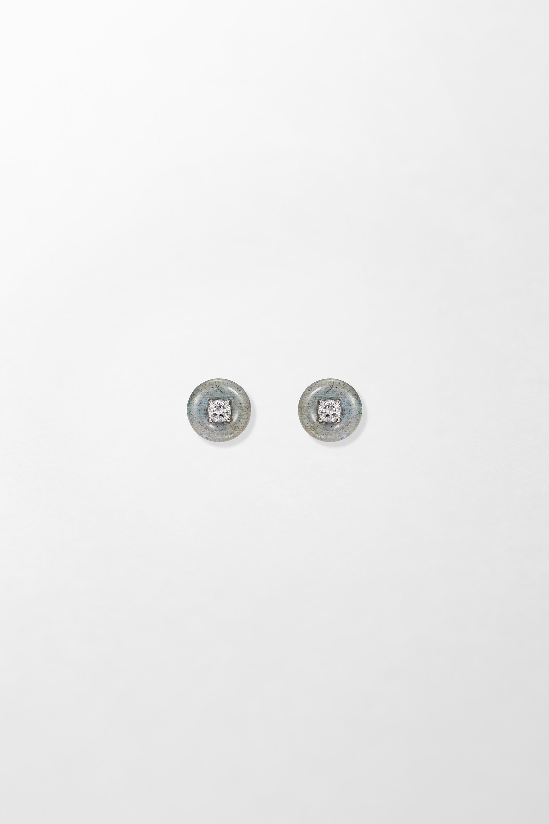 Crafted in 18k white gold and set with 0.20 carats of brilliant cut diamonds with hand-carved labradorite.
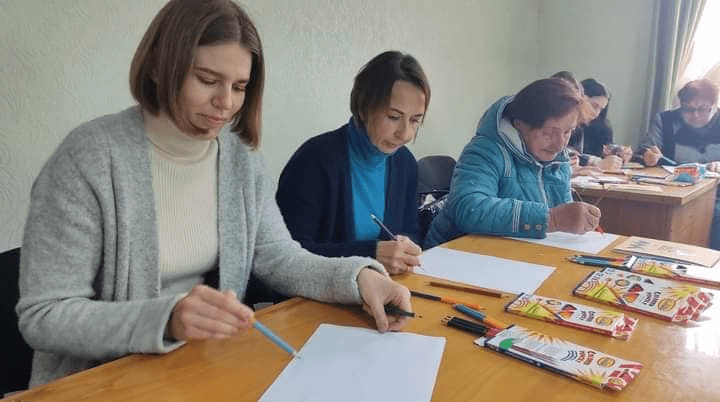 На занятии по арт-терапии участники вместе с детьми рисовали картины по номерам. Во время мероприятия психологиня центра Ольга Гирченко рассказывала о способах восстановления ресурса, звучала приятная успокаивающая музыка. Творческий процесс так увлек участниц, что некоторые не могли оторваться от рисования даже после окончания мероприятия. Как рассказывает одна из участниц, рисование действительно успокаивает.
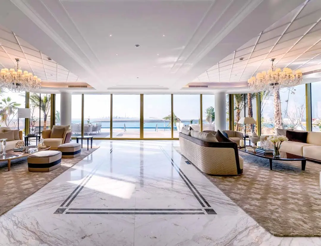 Las residencias de 7 plantas incluyen 7 dormitorios, sauna, snow room, gran salón de recepción con muro de cristal panorámico, y una Viking Sky Terrace con vistas al mar y las islas. Cada propiedad cuenta con playa privada de arena blanca y jardines exóticos.
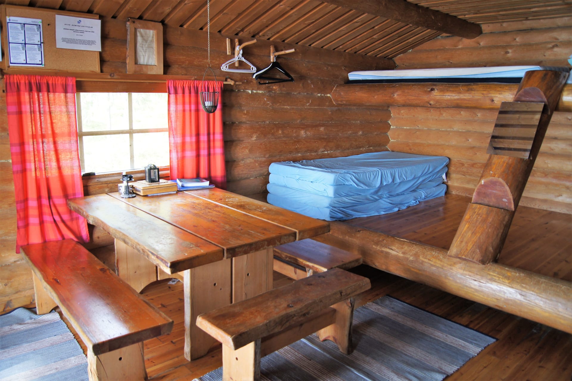 Ahveninen has one room with a large common bed as a sleeping area. The cottage is heated with a wood-burning stove. There is no tap water in the cottage. Domestic water is carried from the pond and drinking water is brought by yourself.
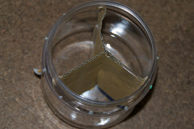 | 出来るだけ観察小屋の底の形状に合わせてダンボールを細工した。 みみず君が他の区画に行かないようにするためだ。 |
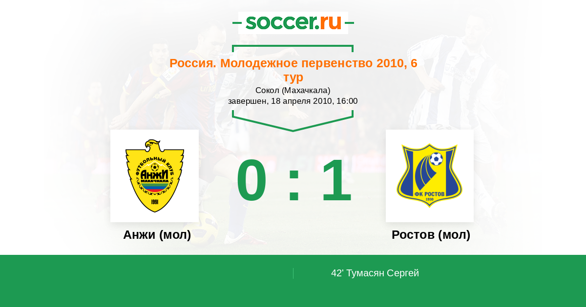 Протокол матча Анжи (мол) против Ростов (мол)
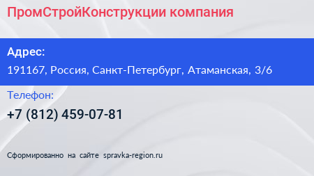 ПромСтройКонструкции, компания по адресу 191167, Россия, Санкт-Петербург, Атаманская, 3/6 в дальнейшем Организация, размещена в следующих категориях:
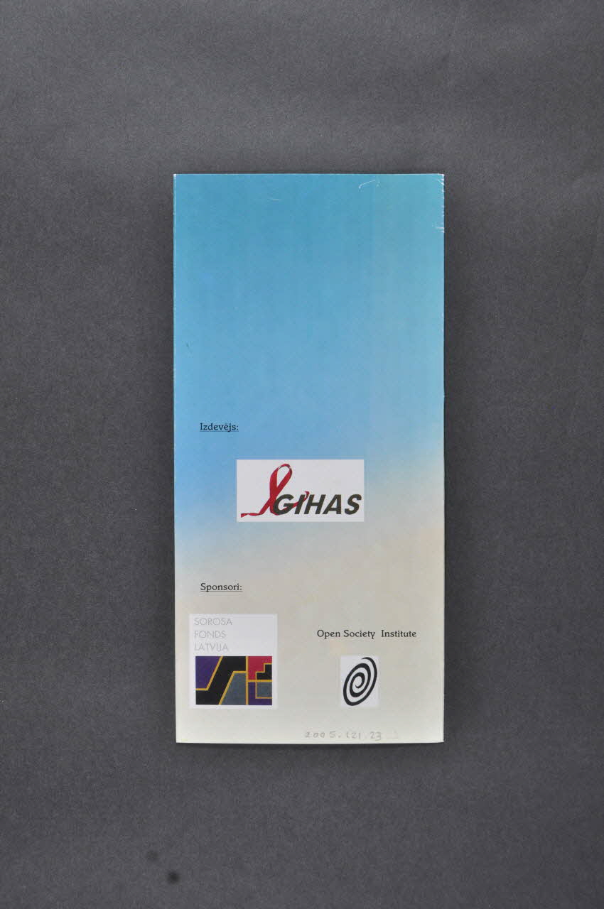 GIHAS // // SOROSA // FONDS // LATVIJA // // Open Society Institute (Imprimé en couleur dans des encadrés blancs dans la partie inférieure), versoTitre
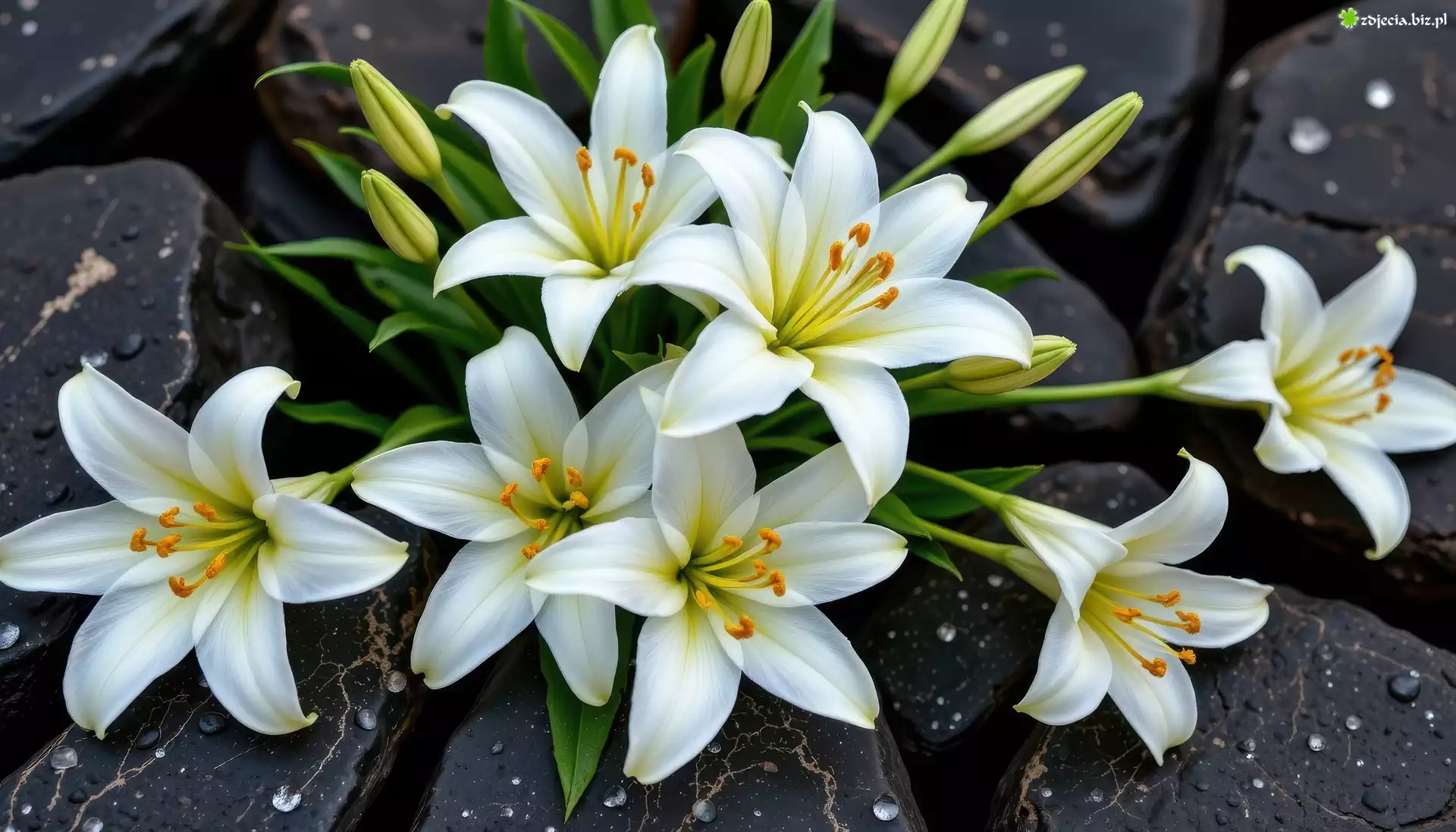 Zdjęcie Kwiaty, Białe, Lilie, Kamienie, Krople

□ □ □ □

▸ Task directions:
If a line falls between the one containing "Ahveninen has one" and the last line of the records above, inclusive, restate it exactly; leave out the pictures and everything else.

▸ Solution:
 Ahveninen has one room with a large common bed as a sleeping area. The cottage is heated with a wood-burning stove. There is no tap water in the cottage. Domestic water is carried from the pond and drinking water is brought by yourself.
 | 出来るだけ観察小屋の底の形状に合わせてダンボールを細工した。 みみず君が他の区画に行かないようにするためだ。 |
 Протокол матча Анжи (мол) против Ростов (мол)
 ПромСтройКонструкции, компания по адресу 191167, Россия, Санкт-Петербург, Атаманская, 3/6 в дальнейшем Организация, размещена в следующих категориях:
 GIHAS // // SOROSA // FONDS // LATVIJA // // Open Society Institute (Imprimé en couleur dans des encadrés blancs dans la partie inférieure), versoTitre
 Zdjęcie Kwiaty, Białe, Lilie, Kamienie, Krople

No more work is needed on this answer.